There was also another very nice paper, and that studied methylation in the regulatory region of the ELOVL2 chain. If you are in my field, which is methylation studies of aging, you will know this gene, it’s really one of the most robust cytosines correlated with age.
Here, this team, Daniel Chen, and Dorota Skowronska-Krawczyk and their team, published a paper that showed that reversal of ELOVL2 promoter hypermethylation in vivo leads to ELOVL2 expression and rescued age-related decline in visual functions. That was a nice illustration of the relevance of this one cytosine.
In conclusion, epigenetic clocks have been linked to four hallmarks of aging, but also they seem to be disconnected to several others. In particular, epigenetic age seems to be distinct from telomere length, attrition, and cellular senescence.
I also showed you some evidence that interventions that slow epigenetic clocks often extend the lifespan of cells in culture in cell cultures, but not vice versa. I showed you that castration slows epigenetic aging in ear samples of sheep but has no effect on the epigenetic age of blood.

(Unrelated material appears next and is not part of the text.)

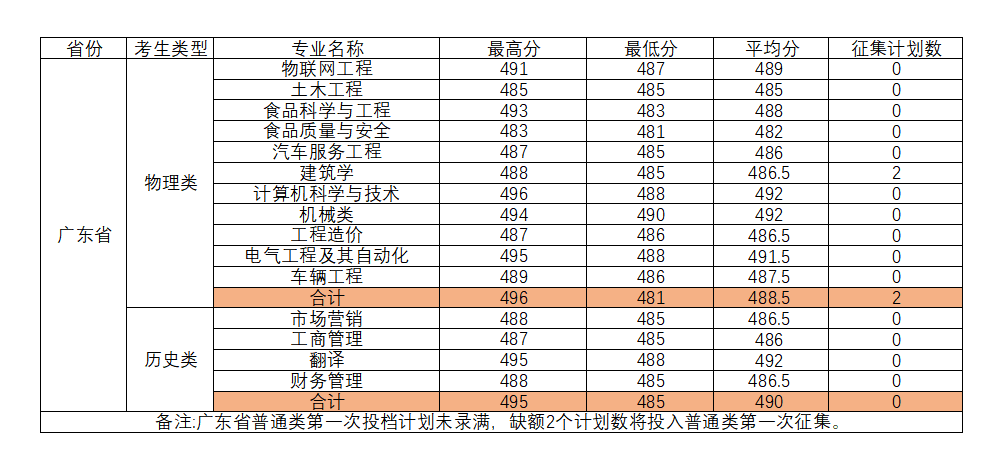 KY开元2022年广东省普通类第一次投档完成,共计划75人,出档75人,录取73人,录取完成率97.33%,各专业出档分数如下:

Epigenetic clocks are already being used in clinical and preclinical studies. We published some articles on it in the past. I mentioned, for example, Greg Fahy with his thymus intervention. I also showed you that cytosine methylation allows one to build these pan-mammalian clocks. Cytosine methylation allows you to estimate the maximum lifespan and many other species’ characteristics for mammals.
I mentioned many people during my talk I mentioned Ake Lu, Amin Haghani, many collaborators, Ken Raj and others. Thank you so much.